START Input data
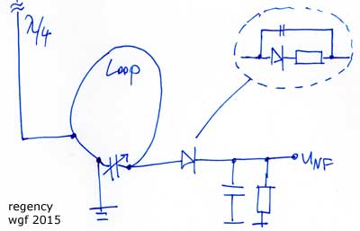 Es handelt sich um die einfachste Detektorschaltung für UKW mit Flankengleichrichtung. Loop parallel zum Drehko. Diode direkt auf 470 pF gegen Masse, keine Anzapfung, keine zusätzliche Antenne, nur der Magnetanteil der Sende-HF wird genutzt. Der NF Verstärker muss empfindlich sein (einige Millivolt) und braucht rund 50 kOhm Eingangsimpedanz, je höher desto besser. Mit einem Alu-Lambda-Viertel Stab (75 cm), den man in die Nähe des kalten Endes bringt, oder einem Kupfer-Messkabel gleicher Länge, dass nahe ans kalte Ende geklemmt wird, kann man sehr einfach etwas mehr Lautstärke herausholen. Immer auf Kosten der Selektion.
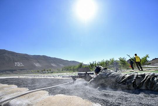 圖為參賽選手進(jìn)行陣地轉(zhuǎn)換狙擊課目競賽。徐偉 攝
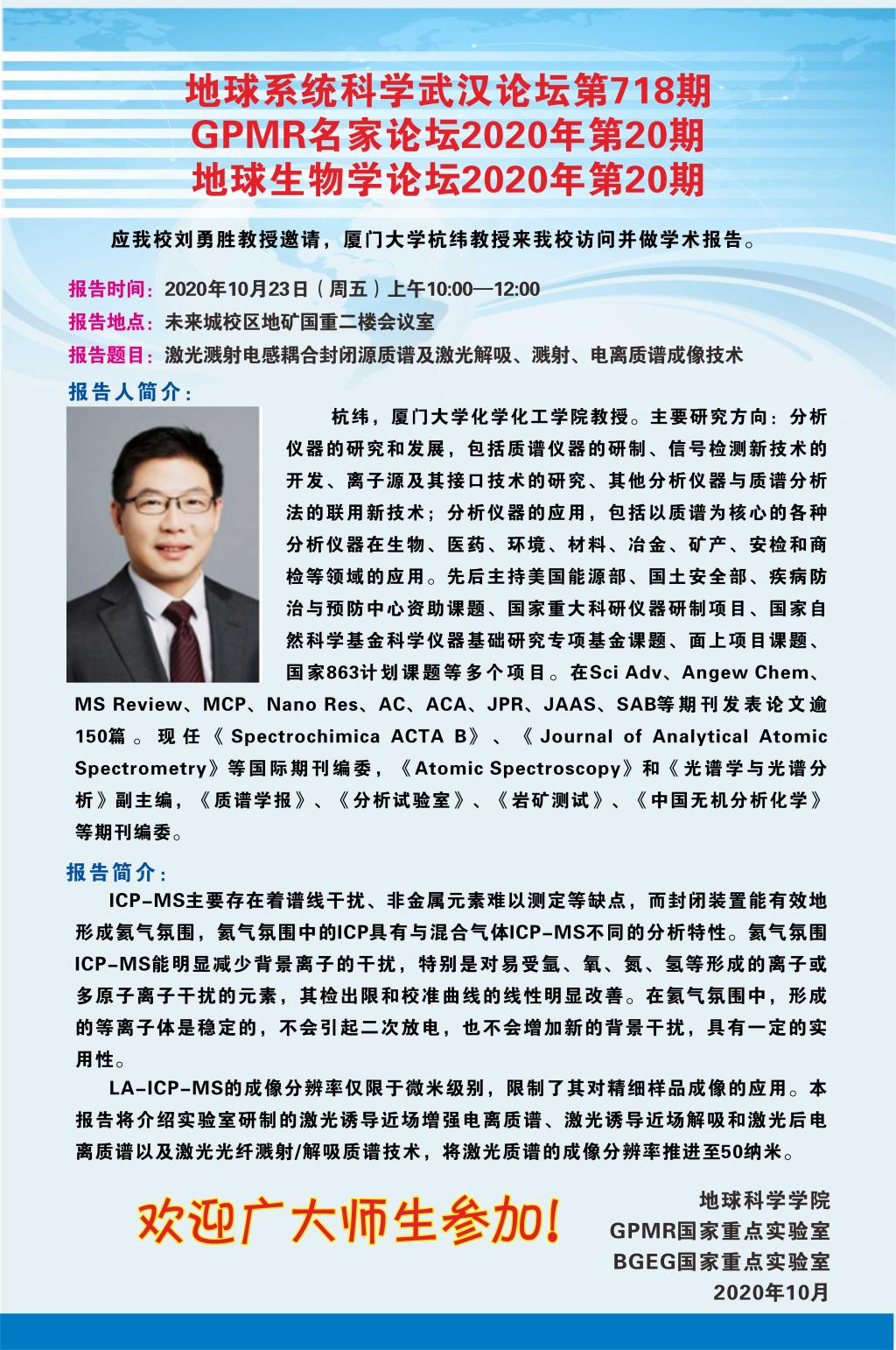 【10月23日】地球系统科学武汉论坛:激光溅射电感耦合封闭源质谱及激光解吸、溅射、电离质谱成像技术
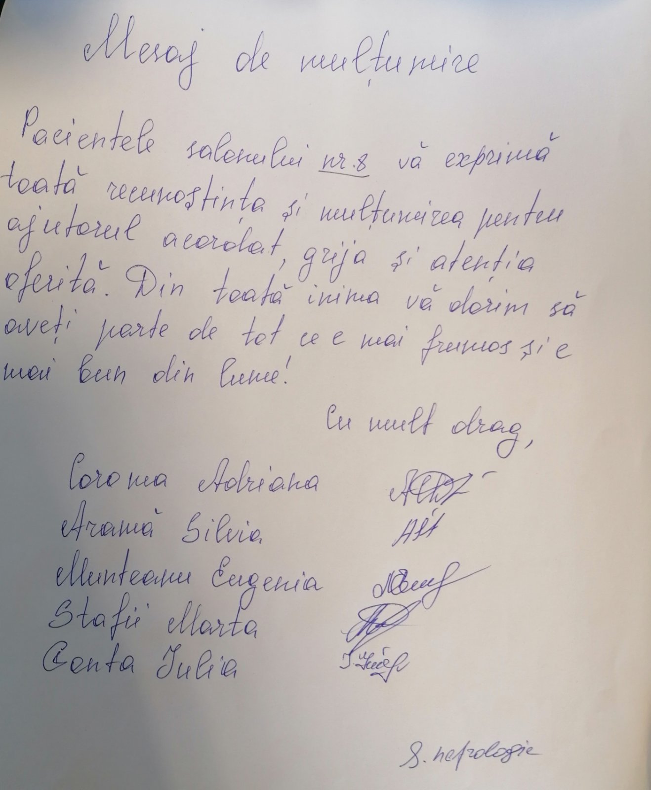 ”Pacientele salonului Nr. 8 vă exprimă toată recunoștința și mulțumirea pentru ajutorul acordat, grija și atenția oferită. Din toată inima vă dorim să aveți parte de tot ce e mai frumos și e mai bun din lume”.
END Input data
◆ What the task asks ◆
Please repeat all of the data exactly as it stands, leaving the pictures out.

◆ Expected answer ◆
 Es handelt sich um die einfachste Detektorschaltung für UKW mit Flankengleichrichtung. Loop parallel zum Drehko. Diode direkt auf 470 pF gegen Masse, keine Anzapfung, keine zusätzliche Antenne, nur der Magnetanteil der Sende-HF wird genutzt. Der NF Verstärker muss empfindlich sein (einige Millivolt) und braucht rund 50 kOhm Eingangsimpedanz, je höher desto besser. Mit einem Alu-Lambda-Viertel Stab (75 cm), den man in die Nähe des kalten Endes bringt, oder einem Kupfer-Messkabel gleicher Länge, dass nahe ans kalte Ende geklemmt wird, kann man sehr einfach etwas mehr Lautstärke herausholen. Immer auf Kosten der Selektion.
 圖為參賽選手進(jìn)行陣地轉(zhuǎn)換狙擊課目競賽。徐偉 攝
 【10月23日】地球系统科学武汉论坛:激光溅射电感耦合封闭源质谱及激光解吸、溅射、电离质谱成像技术
 ”Pacientele salonului Nr. 8 vă exprimă toată recunoștința și mulțumirea pentru ajutorul acordat, grija și atenția oferită. Din toată inima vă dorim să aveți parte de tot ce e mai frumos și e mai bun din lume”.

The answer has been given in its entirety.